§ Task description: An exact copy of the data is required; the images should not appear in it.

§ Information supplied:
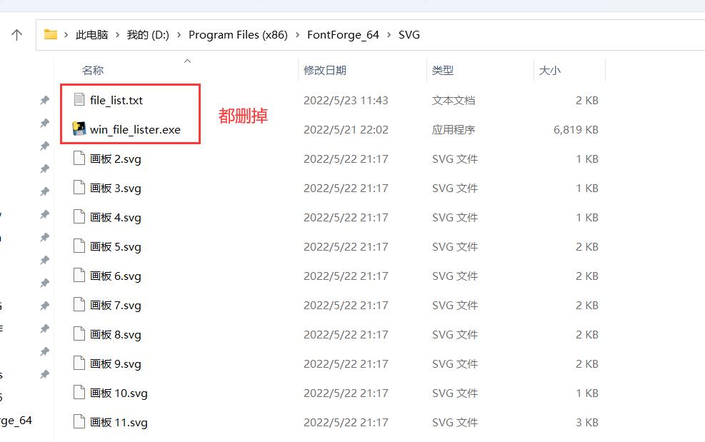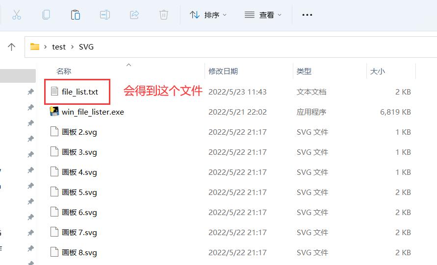 7、然后我们回到SVG文件夹里面,把file_list.txt和win_file_lister.exe这两个文件删除。
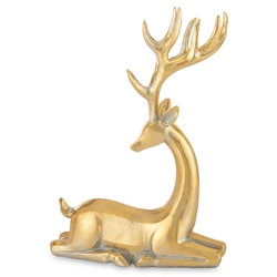 Jeleń złoty leżący przycierany głowa do tyłu 25,5x18,5cm
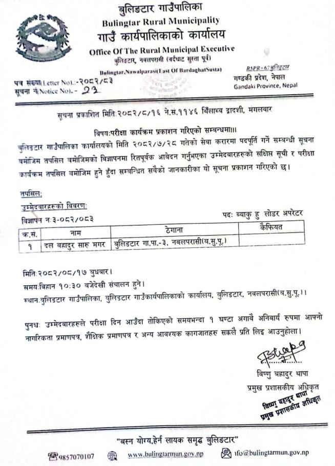 आ.व २०८२।०८३ को ढुंगा, गिट्टि र बालुवा उत्खनन् गरी बिक्री गर्ने कार्यको बोलपत्र आह्वान सम्बन्धी सुचना !!!

§ Response to the exercise:
 7、然后我们回到SVG文件夹里面,把file_list.txt和win_file_lister.exe这两个文件删除。
 Jeleń złoty leżący przycierany głowa do tyłu 25,5x18,5cm
 आ.व २०८२।०८३ को ढुंगा, गिट्टि र बालुवा उत्खनन् गरी बिक्री गर्ने कार्यको बोलपत्र आह्वान सम्बन्धी सुचना !!!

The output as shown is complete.